▶ Exercise:
Your reply should contain the whole listing below, repeated exactly, and no images.

▶ Supplied information:
+---+

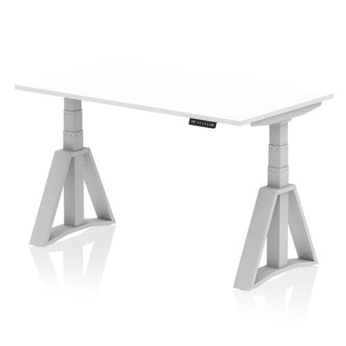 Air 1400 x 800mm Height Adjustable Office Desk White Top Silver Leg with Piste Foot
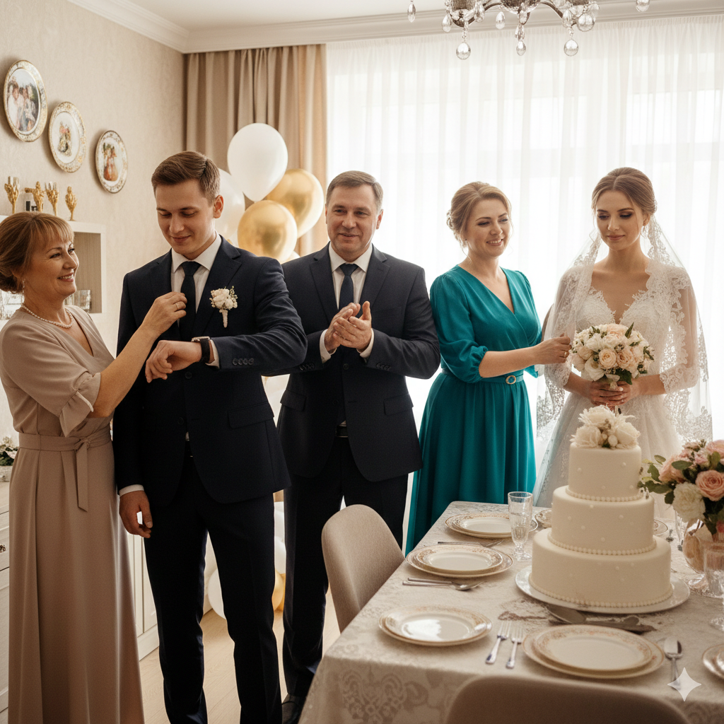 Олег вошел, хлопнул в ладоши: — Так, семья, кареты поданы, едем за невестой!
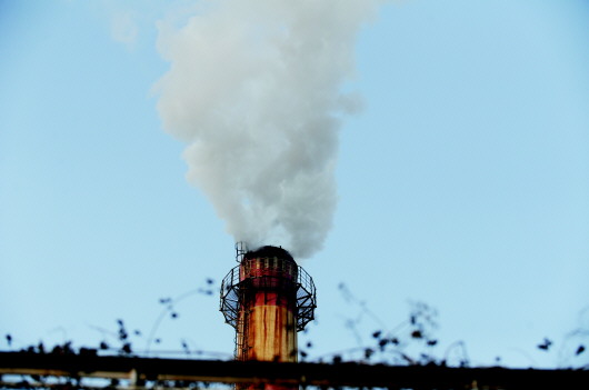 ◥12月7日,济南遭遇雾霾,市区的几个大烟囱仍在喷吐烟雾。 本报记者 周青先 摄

+---+

▶ Solution for this problem:
 Air 1400 x 800mm Height Adjustable Office Desk White Top Silver Leg with Piste Foot
 Олег вошел, хлопнул в ладоши: — Так, семья, кареты поданы, едем за невестой!
 ◥12月7日,济南遭遇雾霾,市区的几个大烟囱仍在喷吐烟雾。 本报记者 周青先 摄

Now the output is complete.